Our View: Choosing the path of least resistance again

THE COUNCIL of Ministers approved the roadmap for the privatisation of semi-governmental organisations on Thursday and as expected the bills were primarily designed to limit political and union opposition. From the first reactions we can conclude that the government has failed in this respect. The union bosses of the SGOs paraded through the media on Friday morning vowing to fight against the government plans while AKEL tried to add fuel to the fire by accusing the government of being ideologically opposed to the state sector and championing the interests of capital.

The truth is we should not be having this debate because the government has signed the MoU which clearly stipulates that €1.4 billion would be raised through privatisations by 2018. As we cannot privatise the National Guard or Cyprus Police we have to sell off SGOs like Cyta, EAC and Ports Authority which have real assets and profit-making potential if properly managed; other smaller concerns could follow. Are the SGO unions suggesting the government does not honour its signature and find a way out of its commitment to international lenders?

It is astonishing that none of the opponents of privatisations have any scruples about going back on what we had agreed, presenting it as if it is the obvious thing to do. Union bosses are irresponsible chaps, but the parties are bringing the country into disrepute with their stance. AKEL is the worst of all. The provision for privatisations was included in the MoU agreed by Demetris Christofias so it is a bit hypocritical to complain now, unless of course the comrades had no intention of honouring their agreement either.

All the populism and union threats have obviously influenced the government’s plan which tries to pander to all interests. Even the terminology being used is designed to appease the moaners – de-nationalisation rather than privatisation would take place – while government spokesman Christos Stylianides assured that the state would keep a stake in all the de-nationalised firms. State participation will be directly related to how much money could be raised by the sales which prompted Stylianides to describe the de-nationalisation as an “evolutionary procedure”. So, in theory, if the sale of 40 per cent of Cyta, of EAC and the Ports Authority generated the €1.4bn required the remaining shares would stay with the state.

This muddled thinking permeates the government’s philosophy. For instance, the government said it would contribute to the €1.4bn with revenue from gaming licences including those for casinos and through the sale of state-owned real estate. The amount raised from these transactions would determine the size of the stake in the SGOs that would be sold to the private sector.

It is an irrational approach, because the economy would benefit much more if the funds generated from gaming licences and the sale of state property was spent on development projects instead of being used to maintain some state participation in SGOs, from which the economy has nothing to gain.

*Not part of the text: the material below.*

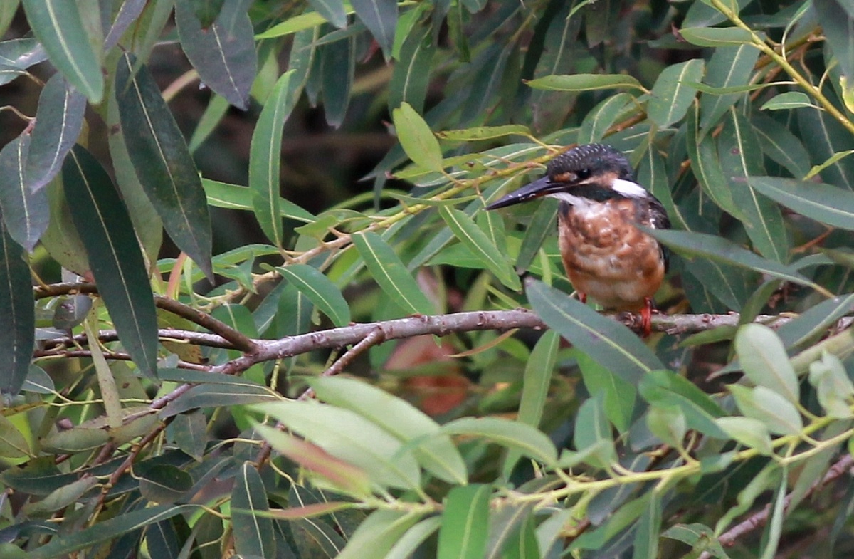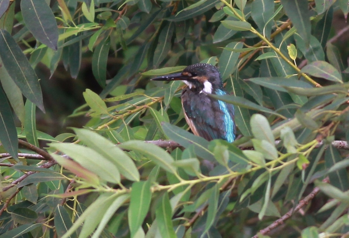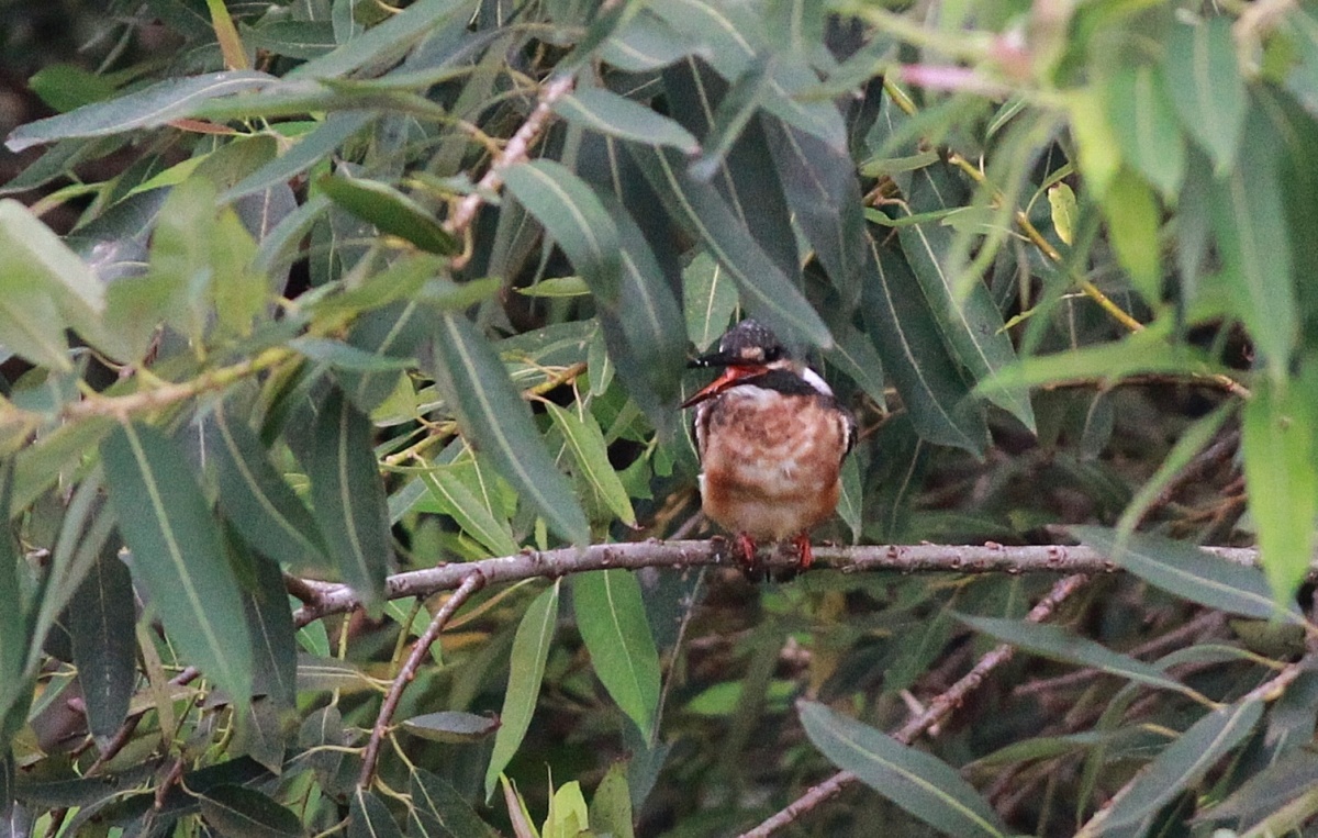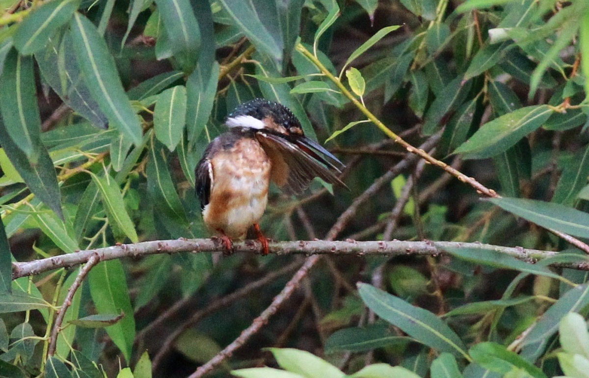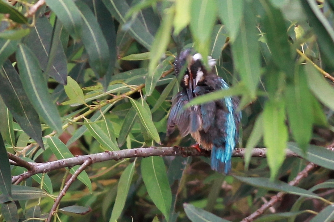 今朝もすでに食事を終えてしまったらしくて、もう川の対岸の風で揺れている木の中で毛繕いでした。

The government has adopted this half-baked approach so that President Anastasiades does not go back on his election promise to DIKO and so as not to be accused of having sold off the national wealth by AKEL and EDEK. This is how national policy is shaped. Inevitably, national policy has to pander to the unions. The bill, the spokesman said, would safeguard all workers’ rights, without specifying if this meant that the plundering of SGOs by unions would continue.

Worse still, as part of the roadmap, shares would be offered to workers of the SGOs or their provident funds. This is scandalous preferential treatment which should not be allowed to stand. Shares should be offered to members of the public who have as much right to buy a stake in SGOs – after all, this is the national wealth belonging to the public as AKEL keeps reminding us – as the workers of the organisations. Are people that do not work for the SGOs second-class citizens, excluded from investing in these companies?

In its effort to limit the noise made by unions and political parties the government has come up with a plan that leaves all options open. Full privatisation might be still be necessary to raise the €1.4bn but the government will worry about that when the need arises, via the “evolutionary procedure.”  There is a big risk involved in not setting a clearly-defined path for such an important policy objective. Improvising policy, in accordance with public demand, as we go along, is how the government has decided to implement the de-nationalisations. In Cyprus politicians always choose the path of least resistance, usually, with disastrous results.